Please go through the records below and return every line holding the word "water".

*Stored items from a collection*
§

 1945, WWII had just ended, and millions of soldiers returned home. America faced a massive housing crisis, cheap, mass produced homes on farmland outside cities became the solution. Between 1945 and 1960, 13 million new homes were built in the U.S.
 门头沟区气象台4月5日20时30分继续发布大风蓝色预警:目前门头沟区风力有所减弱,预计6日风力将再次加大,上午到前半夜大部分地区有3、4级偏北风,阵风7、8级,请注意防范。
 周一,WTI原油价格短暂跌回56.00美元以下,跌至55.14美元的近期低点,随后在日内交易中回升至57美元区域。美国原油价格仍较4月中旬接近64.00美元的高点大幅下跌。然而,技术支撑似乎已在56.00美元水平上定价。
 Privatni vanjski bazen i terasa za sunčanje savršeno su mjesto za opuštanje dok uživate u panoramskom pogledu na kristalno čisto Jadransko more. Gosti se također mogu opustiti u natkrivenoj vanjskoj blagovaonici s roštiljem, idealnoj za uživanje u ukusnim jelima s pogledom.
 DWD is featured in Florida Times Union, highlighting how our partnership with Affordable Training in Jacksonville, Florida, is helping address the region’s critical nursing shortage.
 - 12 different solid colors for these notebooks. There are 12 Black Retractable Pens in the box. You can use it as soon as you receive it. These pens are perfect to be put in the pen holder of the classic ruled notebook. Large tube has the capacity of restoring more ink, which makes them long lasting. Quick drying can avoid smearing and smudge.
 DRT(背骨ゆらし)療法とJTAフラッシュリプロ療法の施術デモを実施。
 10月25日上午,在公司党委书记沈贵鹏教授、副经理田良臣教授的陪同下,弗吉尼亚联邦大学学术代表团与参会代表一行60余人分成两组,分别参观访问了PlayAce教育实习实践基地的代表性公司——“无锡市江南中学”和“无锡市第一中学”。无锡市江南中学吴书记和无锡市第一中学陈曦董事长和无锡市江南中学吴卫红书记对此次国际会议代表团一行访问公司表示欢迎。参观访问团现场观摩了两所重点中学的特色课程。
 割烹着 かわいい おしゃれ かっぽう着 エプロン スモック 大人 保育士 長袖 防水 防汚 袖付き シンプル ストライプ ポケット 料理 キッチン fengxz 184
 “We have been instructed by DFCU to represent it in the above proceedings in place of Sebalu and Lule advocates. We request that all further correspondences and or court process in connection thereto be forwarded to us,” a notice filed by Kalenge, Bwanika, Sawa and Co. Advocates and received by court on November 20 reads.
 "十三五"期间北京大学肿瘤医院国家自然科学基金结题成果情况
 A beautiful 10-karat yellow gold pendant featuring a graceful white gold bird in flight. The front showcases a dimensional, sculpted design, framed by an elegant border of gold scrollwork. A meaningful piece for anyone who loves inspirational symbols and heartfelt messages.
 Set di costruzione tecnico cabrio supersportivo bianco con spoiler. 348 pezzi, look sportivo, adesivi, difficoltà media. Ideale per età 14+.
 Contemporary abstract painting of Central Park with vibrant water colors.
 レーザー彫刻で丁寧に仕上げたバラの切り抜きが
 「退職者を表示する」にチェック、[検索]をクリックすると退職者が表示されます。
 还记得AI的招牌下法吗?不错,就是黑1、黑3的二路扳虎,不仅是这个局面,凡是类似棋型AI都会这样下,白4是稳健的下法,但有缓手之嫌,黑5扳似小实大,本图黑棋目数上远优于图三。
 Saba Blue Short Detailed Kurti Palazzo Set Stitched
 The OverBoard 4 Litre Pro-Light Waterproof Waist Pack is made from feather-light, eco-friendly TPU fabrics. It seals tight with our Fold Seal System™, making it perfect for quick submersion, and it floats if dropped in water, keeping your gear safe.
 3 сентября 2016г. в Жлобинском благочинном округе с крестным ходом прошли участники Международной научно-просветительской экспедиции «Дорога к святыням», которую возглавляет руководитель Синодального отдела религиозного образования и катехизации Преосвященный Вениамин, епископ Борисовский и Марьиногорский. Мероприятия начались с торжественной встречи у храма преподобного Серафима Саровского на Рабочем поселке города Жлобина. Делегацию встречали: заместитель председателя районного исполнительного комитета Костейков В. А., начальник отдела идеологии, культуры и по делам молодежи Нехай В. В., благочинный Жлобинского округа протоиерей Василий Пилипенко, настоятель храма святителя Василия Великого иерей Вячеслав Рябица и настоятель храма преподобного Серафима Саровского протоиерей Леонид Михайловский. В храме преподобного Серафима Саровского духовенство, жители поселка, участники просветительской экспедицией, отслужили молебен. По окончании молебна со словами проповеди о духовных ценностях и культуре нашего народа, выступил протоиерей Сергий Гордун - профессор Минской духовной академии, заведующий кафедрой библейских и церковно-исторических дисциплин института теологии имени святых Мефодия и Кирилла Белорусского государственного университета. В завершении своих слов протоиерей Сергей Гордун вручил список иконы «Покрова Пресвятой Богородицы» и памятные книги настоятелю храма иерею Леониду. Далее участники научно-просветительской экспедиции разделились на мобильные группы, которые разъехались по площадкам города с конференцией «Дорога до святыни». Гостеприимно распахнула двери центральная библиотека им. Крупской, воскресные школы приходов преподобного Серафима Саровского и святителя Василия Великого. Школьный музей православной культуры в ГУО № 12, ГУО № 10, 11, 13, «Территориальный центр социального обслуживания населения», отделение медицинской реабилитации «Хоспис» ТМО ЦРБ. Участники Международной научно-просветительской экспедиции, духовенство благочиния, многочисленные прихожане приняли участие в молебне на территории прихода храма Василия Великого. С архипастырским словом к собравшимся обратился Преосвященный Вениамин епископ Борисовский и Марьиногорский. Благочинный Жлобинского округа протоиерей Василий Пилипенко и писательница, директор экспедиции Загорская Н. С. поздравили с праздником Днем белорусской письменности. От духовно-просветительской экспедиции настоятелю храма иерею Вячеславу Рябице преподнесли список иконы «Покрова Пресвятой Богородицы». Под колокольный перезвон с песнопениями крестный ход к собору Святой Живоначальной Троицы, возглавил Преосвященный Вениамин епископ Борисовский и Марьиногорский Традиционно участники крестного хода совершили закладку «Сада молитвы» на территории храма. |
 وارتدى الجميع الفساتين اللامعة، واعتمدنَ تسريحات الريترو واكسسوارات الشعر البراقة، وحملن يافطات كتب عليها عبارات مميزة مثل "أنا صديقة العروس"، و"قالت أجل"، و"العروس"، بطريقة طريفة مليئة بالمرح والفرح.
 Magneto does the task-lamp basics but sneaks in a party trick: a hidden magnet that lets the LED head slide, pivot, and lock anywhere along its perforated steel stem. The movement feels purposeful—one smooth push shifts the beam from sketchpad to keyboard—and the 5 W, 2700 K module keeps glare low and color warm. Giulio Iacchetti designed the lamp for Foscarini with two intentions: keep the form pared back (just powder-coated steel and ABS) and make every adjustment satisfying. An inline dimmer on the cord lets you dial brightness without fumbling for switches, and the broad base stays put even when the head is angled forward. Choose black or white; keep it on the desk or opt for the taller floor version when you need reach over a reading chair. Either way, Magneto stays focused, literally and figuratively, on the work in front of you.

§

*Result for this task*
 Contemporary abstract painting of Central Park with vibrant water colors.
 The OverBoard 4 Litre Pro-Light Waterproof Waist Pack is made from feather-light, eco-friendly TPU fabrics. It seals tight with our Fold Seal System™, making it perfect for quick submersion, and it floats if dropped in water, keeping your gear safe.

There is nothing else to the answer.